DRA provides fine-grained GPU resource allocation with attribute-based selection. This is the recommended approach for production deployments.
Automatically create a DRA resource claim with minimal configuration:
draResources:
- claimCreationSpec:
    devices:
    - name: gpu
      count: 1
      deviceClassName: gpu.nvidia.com
The operator will automatically generate a ResourceClaimTemplate with default settings.

DRA Attribute Selectors

DRA supports attribute-based device selection using various operators:
attributeSelectors[].key
string
required
Device attribute name (e.g., productName, memory, cuda.computeCapability)
attributeSelectors[].op
enum
default:"Equal"
Comparison operator: Equal, NotEqual, GreaterThan, GreaterThanOrEqual, LessThan, LessThanOrEqual
attributeSelectors[].value
object
Value to compare against.

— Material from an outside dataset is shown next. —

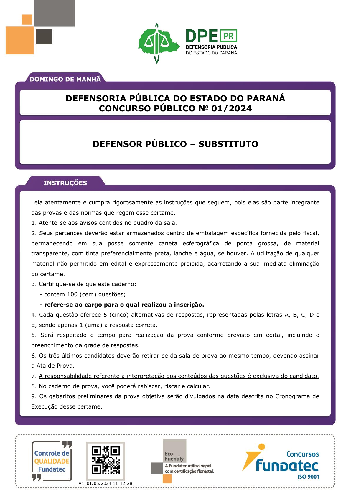 pcimarkpci MjgwNDowN2YxOmUyMjQ6MmY0Zjo2OWM1OmRhYTA6OTI2OTpiMDli:TW9uLCAyOSBTZXAgMjAyNSAxNjoxMDoxOSAtMDMwMA== www.pciconcursos.com.br DEFENSORIA PÚBLICA DO ESTADO DO PARANÁ CONCURSO PÚBLICO Nº 01/2024 DEFENSOR PÚBLICO – SUBSTITUTO Leia atentamente e cumpra rigorosamente as instruções que seguem, pois elas são parte integrante das provas e das normas que regem esse certame. 1. Atente-se aos avisos contidos no quadro da sala. 2. Seus pertences deverão estar armazenados dentro de embalagem específica fornecida pelo fiscal, permanecendo em sua posse somente caneta esferográfica de ponta grossa, de material transparente, com tinta preferencialmente preta, lanche e água, se houver. A utilização de qualquer material não permitido em edital é expressamente proibida, acarretando a sua imediata eliminação do certame. 3. Certifique-se de que este caderno: - contém 100 (cem) questões; - refere-se ao cargo para o qual realizou a inscrição. 4. Cada questão oferece 5 (cinco) alternativas de respostas, representadas pelas letras A, B, C, D e E, sendo apenas 1 (uma) a resposta correta. 5. Será respeitado o tempo para realização da prova conforme previsto em edital, incluindo o preenchimento da grade de respostas. 6. Os três últimos candidatos deverão retirar-se da sala de prova ao mesmo tempo, devendo assinar a Ata de Prova. 7. A responsabilidade referente à interpretação dos conteúdos das questões é exclusiva do candidato. 8. No caderno de prova, você poderá rabiscar, riscar e calcular. 9. Os gabaritos preliminares da prova objetiva serão divulgados na data descrita no Cronograma de Execução desse certame. QR code V1_01/05/2024 11:12:28 pcimarkpci MjgwNDowN2YxOmUyMjQ6MmY0Zjo2OWM1OmRhYTA6OTI2OTpiMDli:TW9uLCAyOSBTZXAgMjAyNSAxNjoxMDoxOSAtMDMwMA== www.pciconcursos.com.br 878_BASE_NS_DM Execução: Fundatec DEFENSOR PÚBLICO – SUBSTITUTO 20/6/202416:34:06 (Pontos de domínio público. Compilação constante do álbum “Tecnomacumba”, 2006, de Rita Benneditto). A Iyalorixá Mãe Menininha, sacerdotisa de um terreiro de Candomblé localizado há 50 anos no bairro Pinheirinho, em Curitiba, tem como novo vizinho o senhor João, o qual realizou denúncias contra sua pessoa à polícia alegando: (a) maus tratos a animais durante as práticas religiosas; (b) sonegação de imposto (IPTU); (c) e perturbação de sossego. A Iyalorixá recebe a intimação da delegacia de polícia para esclarecimentos, mas antes de comparecer no dia e hora marcados, ela procura orientação jurídica junto ao Núcleo de Promoção da Igualdade Racial da Defensoria Pública. Tomando por base a situação hipotética acima e considerando a existência e as práticas dos povos e comunidades de terreiro, bem como o que dispõe a Constituição da República e o posicionamento do Supremo Tribunal Federal, assinale a alternativa que apresenta as corretas orientações a serem prestadas pelo defensor público. A) Comunidades de terreiro não possuem autorização para prática religiosa com animais em razão de vedação constitucional aos maus tratos de animais e, ainda, em razão da ausência do pagamento de IPTU, os cultos do terreiro de Candomblé da situação acima devem ser interrompidos. Além disso, há prevalência da intimidade ser resguardada, no caso da perturbação do sossego, motivo pelo qual o lugar da prática religiosa deve ser alterado. B) Povos e comunidades de terreiro têm sido historicamente vítimas de intolerância, de discriminação e de preconceito. Assim, a Iyalorixá deverá ser orientada a buscar subvenção dos cultos e relação de aliança junto ao Município em razão do patrimônio histórico e cultural como estratégia para evitar o agravamento da situação antes de comparecer à delegacia. Por fim, quanto à perturbação de sossego, pela interpretação do princípio da dignidade da pessoa humana e da intimidade, o vizinho pode interromper a prática religiosa quando essa ocorrer. C) Há proteção constitucional ao local da comunidade de terreiro do caso acima onde ocorre a prática de Candomblé como manifestação afro-brasileira, incluindo a isenção tributária em questão, estando assegurada a sacralização de animais durante suas práticas religiosas, uma vez que a legislação não proíbe matar animais. Quanto à alegação de perturbação de sossego, deverá ser aplicada a ponderação e a regra da proporcionalidade. D) As comunidades de terreiro são protegidas pela legislação constitucional e supralegal apenas sob o viés da religiosidade, não ensejando a aplicação da Convenção 169 da Organização Internacional do Trabalho quanto ao seu modo de ser e viver. Assim, os direitos no caso em comento são preponderantemente de ordem individual e devem ser analisados pelo princípio da proporcionalidade. E) Há nítido racismo religioso na postura do vizinho da Iyalorixá, porém há restrição para o abate de animais em comunidades de terreiro por situação análoga à vedação das brigas de galo, farra do boi e vaquejada já decididos pelo Supremo Tribunal Federal. Por fim, quanto à alegação de perturbação de sossego, deverá ser aplicada a ponderação interpretativa e a regra da proporcionalidade. DIREITO CONSTITUCIONAL QUESTÃO 01 – Analise a situação hipotética a seguir: “Na gira, cantavam: Balorê Exú, Exú é Mojubá / Ogunhé Patacuri / Ogum é Orixá! / Kao Cabicile Xangô / Kao meu pai! / Okê Arô / Oxossi é Caçador! / Ewê / Arroboboia Oxumaré Roboboia! / Eparrei / Ora ieie o mãe Oxum / Ora ieie o / Ô docyaba Yemanja / Ôdoia mamãe...”. pcimarkpci MjgwNDowN2YxOmUyMjQ6MmY0Zjo2OWM1OmRhYTA6OTI2OTpiMDli:TW9uLCAyOSBTZXAgMjAyNSAxNjoxMDoxOSAtMDMwMA== www.pciconcursos.com.br 878_BASE_NS_DM Execução: Fundatec DEFENSOR PÚBLICO – SUBSTITUTO 20/6/202416:34:06 QUESTÃO 02 – “Há um sentido agônico ou agonista na política que é preciso ser explorado na Constituição [...]. Precisamos de uma Constituição

Supports:
  • boolValue: true/false
  • intValue: numeric value
  • stringValue: string value (max 64 chars)
  • versionValue: semantic version (semver 2.0.0)

DRA Capacity Selectors

Filter devices by resource capacity:
capacitySelectors:
- key: memory
  op: GreaterThanOrEqual
  value: 80Gi
- key: gpu.nvidia.com/bandwidth
  op: GreaterThan
  value: 1TB
capacitySelectors[].key
string
required
Resource name (e.g., memory, gpu.nvidia.com/bandwidth)
capacitySelectors[].op
enum
default:"Equal"
Comparison operator
capacitySelectors[].value
Quantity
required
Kubernetes resource quantity (e.g., 80Gi, 1TB)

Workload Size Examples

Small Workload (1 GPU)

Ideal for testing and development:
apiVersion: apps.nvidia.com/v1alpha1
kind: NIMService
metadata:
  name: llama-3-2-1b
spec:
  resources:
    requests:
      memory: 8Gi
      cpu: 2
    limits:
      nvidia.com/gpu: 1
      memory: 16Gi
      cpu: 4

Medium Workload (4 GPUs)

Production workload for medium-sized models:
apiVersion: apps.nvidia.com/v1alpha1
kind: NIMService
metadata:
  name: llama-3-70b
spec:
  resources:
    requests:
      memory: 64Gi
      cpu: 16
    limits:
      nvidia.com/gpu: 4
      memory: 128Gi
      cpu: 32
  draResources:
  - claimCreationSpec:
      devices:
      - name: gpu
        count: 4
        attributeSelectors:
        - key: memory
          op: GreaterThanOrEqual
          value:
            intValue: 80

Large Workload (8 GPUs)

Large-scale production deployment:
apiVersion: apps.nvidia.com/v1alpha1
kind: NIMService
metadata:
  name: llama-3-405b
spec:
  resources:
    requests:
      memory: 128Gi
      cpu: 32
    limits:
      nvidia.com/gpu: 8
      memory: 256Gi
      cpu: 64

Multi-Node Workload

For models requiring multiple nodes with tensor/pipeline parallelism:
apiVersion: apps.nvidia.com/v1alpha1
kind: NIMService
metadata:
  name: deepseek-r1
spec:
  replicas: 1
  resources:
    limits:
      nvidia.com/gpu: 8
    requests:
      nvidia.com/gpu: 8
  multiNode:
    parallelism:
      pipeline: 2
      tensor: 8
    mpi:
      mpiStartTimeout: 6000
Multi-node NIMService requires NVLink-enabled nodes and cannot be used with autoscaling enabled.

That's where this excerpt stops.